Hydnophlebia is a genus of five species of toothed crust fungi in the family Meruliaceae. All species are wood-decay fungi that cause a white rot.

==Taxonomy==
The genus was circumscribed by Estonian mycologist Erast Parmasto in 1967. The type species, H. chrysorhiza, was originally named Hydnum chrysorhizon by botanist John Torrey in 1822. The genus remained monotypic until Kurt Hjortstam and Leif Ryvarden transferred H. omnivora (previously Hydnum omnivorum Shear) to the genus in 2009. Three species discovered in the Canary Islands and Cape Verde archipelago were added to the genus is 2017.

==Description==
The fruit bodies of Hydnophlebia are reddish-orange crusts that can be peeled from the substrate. The spore-bearing area (the hymenium) comprises small cylindrical "teeth" up to 1–1.5 mm long. The hyphal system is monomitic, comprising only generative hyphae. Hyphae in the subiculum (a layer of loosely intertwined hyphae on the substrate that supports the fruit body) are thick-walled, hyaline to slightly yellowish, and encrusted.

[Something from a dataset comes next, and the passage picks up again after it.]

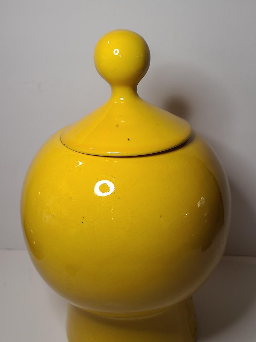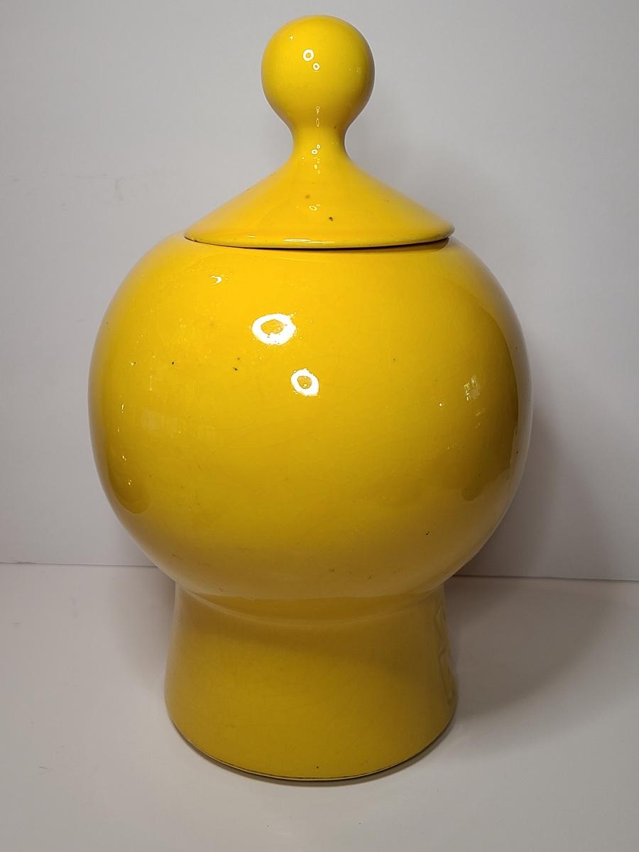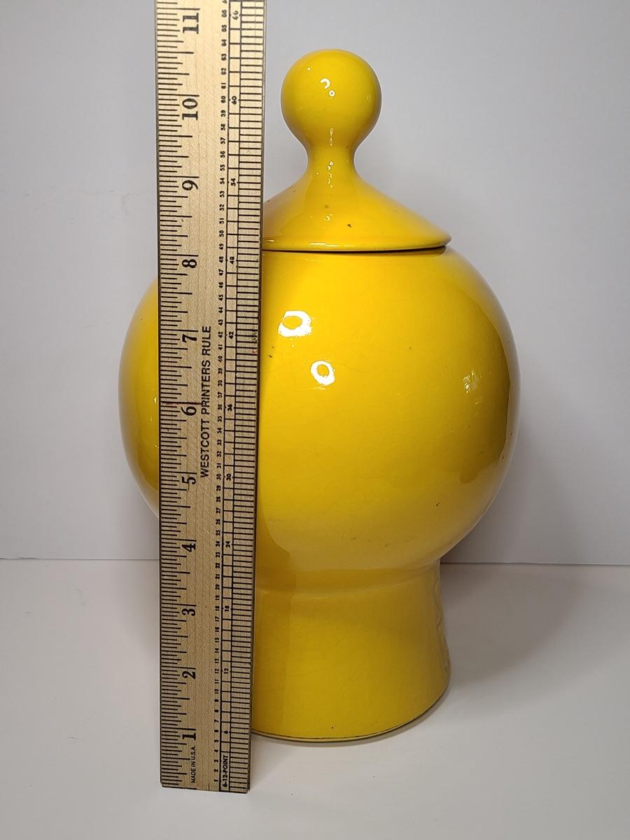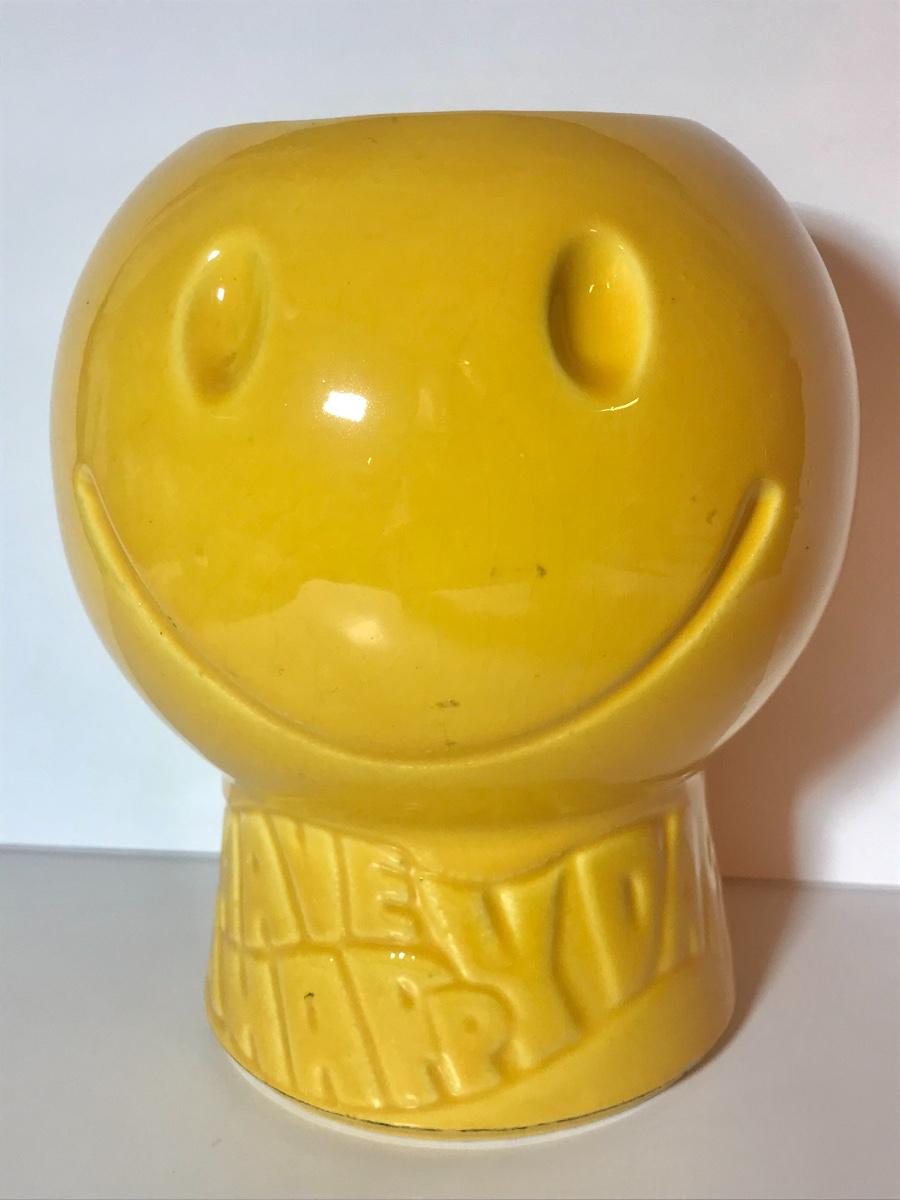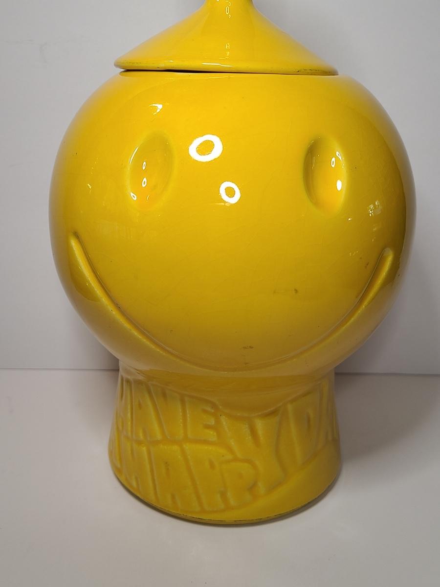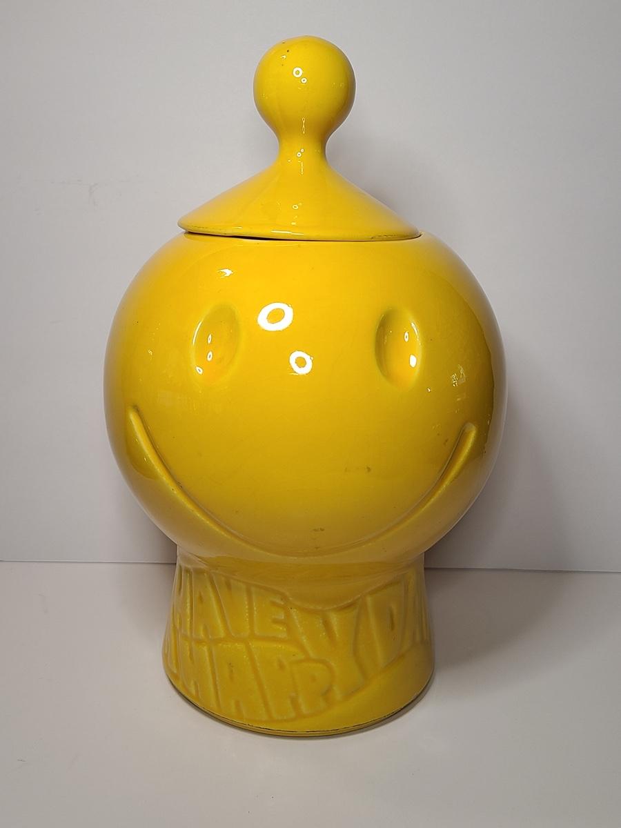 Blast from the past with this charming, bright yellow cookie jar by McCoy. This is marked but is hard to see due to age. Have a Nice Day with this Happy Face. Please see all pictures as they are the best representation of the items. The pictures show condition, measurements if taken, and what is included in the lot. Due to the large amount that we photograph and the time frame, we are not always able to take measurements. All items unless noted, are pre-owned and have been used. If you purchased furniture, you must bring help. We do not allow one person to carry large furniture out on their own. Bring help, tools and a truck for the safety of our client’s homes, and your personal safety. Company policy. Thank you.

Other hyphae in the fruit body are somewhat to completely hyaline (translucent) and have a wall thickness ranging from thin to moderately thick. Cystidia are sparse and tubular, hyaline, thin-walled or have a slight wall thickening. The spores are ellipsoid, smooth, thin-walled, and generally measure up to 4–5 μm long.

==Species==
- Hydnophlebia canariensis Telleria, M.Dueñas & M.P.Martín (2017)
- Hydnophlebia chrysorhiza (Torr.) Parmasto (1967)
- Hydnophlebia gorgonea Telleria, M.Dueñas & M.P.Martín (2017)
- Hydnophlebia meloi Telleria, M.Dueñas & M.P.Martín (2017)
- Hydnophlebia omnivora (Shear) Hjortstam & Ryvarden (2009)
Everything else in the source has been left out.